About the SKYSCRAPER-01 study
SKYSCRAPER-01 is a global phase III, randomised double-blinded study evaluating tiragolumab plus Tecentriq (atezolizumab) versus Tecentriq alone in 534 patients with first-line PD-L1-high locally advanced, unresectable or metastatic non-small cell lung cancer. Patients were randomized 1:1 to receive either tiragolumab plus Tecentriq or placebo plus Tecentriq, until disease progression, loss of clinical benefit or unacceptable toxicity. Co-primary endpoints are overall survival and progression-free survival.

About tiragolumab
Tiragolumab is an investigational novel immune checkpoint inhibitor with an intact Fc region. Tiragolumab selectively binds to TIGIT, a novel inhibitory immune checkpoint which suppresses the immune response to cancer.1 Based on preclinical research, tiragolumab is thought to work as an immune amplifier with other cancer immunotherapies such as Tecentriq (atezolizumab).2 The TIGIT pathway is distinct but complementary to the PD-L1/PD-1 pathway. Dual blockade with tiragolumab and Tecentriq may help overcome immune suppression and restore the immune response.1

About Tecentriq (atezolizumab)
Tecentriq is a cancer immunotherapy approved for some of the most aggressive and difficult-to-treat forms of cancer. Tecentriq was the first cancer immunotherapy approved for the treatment of a certain type of early-stage (adjuvant) non-small cell lung cancer (NSCLC), small cell lung cancer (SCLC) and hepatocellular carcinoma. Tecentriq is also approved in the US, EU and countries around the world, either alone or in combination with targeted therapies and/or chemotherapies, for various forms of metastatic NSCLC, certain types of metastatic urothelial cancer, PD-L1-positive metastatic triple-negative breast cancer and BRAF V600 mutation-positive advanced melanoma.

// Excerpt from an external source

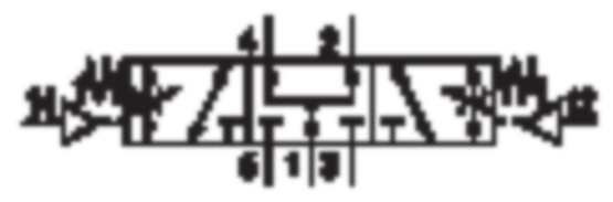 Pneumatically actuated directional valve with 1100 l/min flow rate. 16 bar working pressure. ISO 5599-1.

Tecentriq is a monoclonal antibody designed to bind with a protein called programmed death ligand-1 (PD-L1), which is expressed on tumour cells and tumour-infiltrating immune cells, blocking its interactions with both PD-1 and B7.1 receptors. By inhibiting PD-L1, Tecentriq may enable the activation of T-cells. Tecentriq is a cancer immunotherapy that has the potential to be used as a foundational combination partner with other immunotherapies, targeted therapies and various chemotherapies across a broad range of cancers. In addition to intravenous infusion, the formulation of Tecentriq is also being investigated as subcutaneous injection to hopefully provide a faster and more convenient option for cancer patients.